The dataset covers 83 healthy individuals with the measurements from the first wave of the study in 2005. For each subject, weighted image was segmented into 45 anatomical regions, and 7 different measures were extracted for each region. The 7 features associated with each brain region are number of voxels, volume and mean, standard deviation, minimum, maximum and range of the intensity values in the region. This information on the brain regions and the features is represented in the meta-data file, which is then used in the analysis. The above operation creates 45×7 = 315 dimensions per subject. In addition, details about each individual, such as age and gender, and the results of the neuropsychological examination are added to this dataset. With this addition, the resulting dataset has 357 dimensions. In other words, the resulting table’s size is 83×357 a great challenge for visual as well as computational analysis. Such a high dimensionality usually requires analysts to delimit the analysis to a selected subset of segments, based on an a priori specified hypothesis.
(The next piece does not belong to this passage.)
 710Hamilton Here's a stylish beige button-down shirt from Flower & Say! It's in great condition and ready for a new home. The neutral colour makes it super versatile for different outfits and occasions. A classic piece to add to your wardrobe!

Our aim here is to discover different subsets of individuals and brain regions that are relevant for building new hypotheses.
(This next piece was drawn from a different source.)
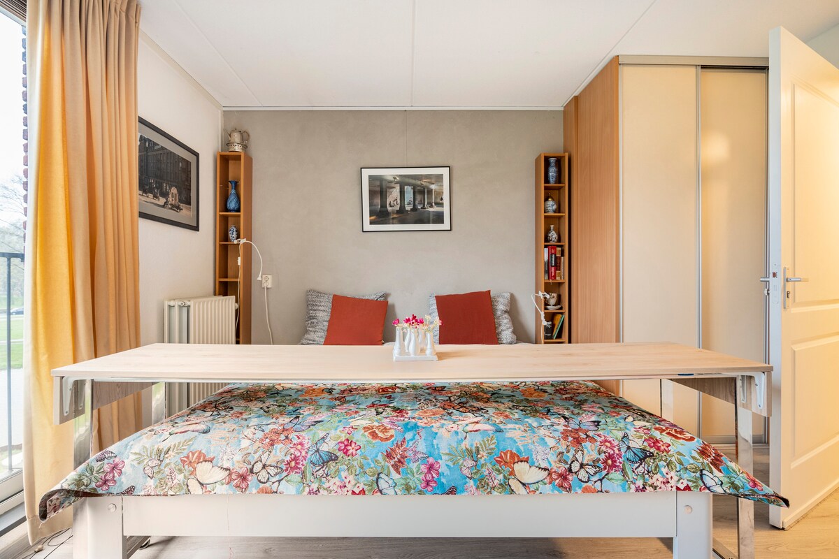 Kamar bergaya dan bersih di lantai 2, tidak ada lift di PINGGIRAN KOTA dengan pemandangan yang indah dan akses cepat ke pusat kota dengan metro 54. Kubah Arena, Afas & Ziggo berada dalam jarak berjalan kaki. AMC, Rai, University's & Airport sangat dekat. Sangat nyaman bagi mereka yang bepergian untuk bisnis atau belajar. Tempat ini bersih, aman, dan semua orang diterima, apa pun jenis kelamin, agama, atau kebangsaan yang Anda miliki. Dan semua Amsterdam telah membayar parkir. Maaf!

There are 4 tests were common to studies of aging of brain.
• A vocabulary test involved the examinee selecting the best synonyms of target words, in each case from a set of five alternatives.
• A speed test required the participant to classify pairs of line patterns as the same or different as rapidly as possible.
• Reasoning was assessed with the Raven’s Progressive Matrices, in which each test item consists of a matrix of geometric patterns with one missing cell, and the task for the participant is to select the best completion of the missing cell from a set of alternatives.
• Finally, a memory test involved three auditory presentations of the same list of unrelated words, with the participant instructed to recall as many words as possible after each presentation.
CONCLUSIONS
With our method, we present how the structures in high-dimensional datasets can be incorporated into the visual analysis process. We introduce representative factors as a method to apply computational tools locally and as an aggregated representation for sub-groups of dimensions. A combination of the already available information and the derived features on the dimensions are utilized to discover the structures in the dimensions space.
We suggest three different approaches to generate representatives for groups with different characteristics. These factors are then compared and evaluated through different interactive visual representations. We mainly use dimension reduction methods locally to extract the information from the sub-structures. Our goal is not to solely assist dimension reduction but rather to enable an informed use of dimension reduction methods at different levels to achieve a better understanding of the data.
The usual work flow when dealing with such complex datasets is to elimit the analysis based on known hypotheses and try to confirm or reject these using computational and visual analysis. Our interactive visual analysis scheme proved to be helpful to explore new relations between the dimensions that can provide a basis for the generation of new hypotheses.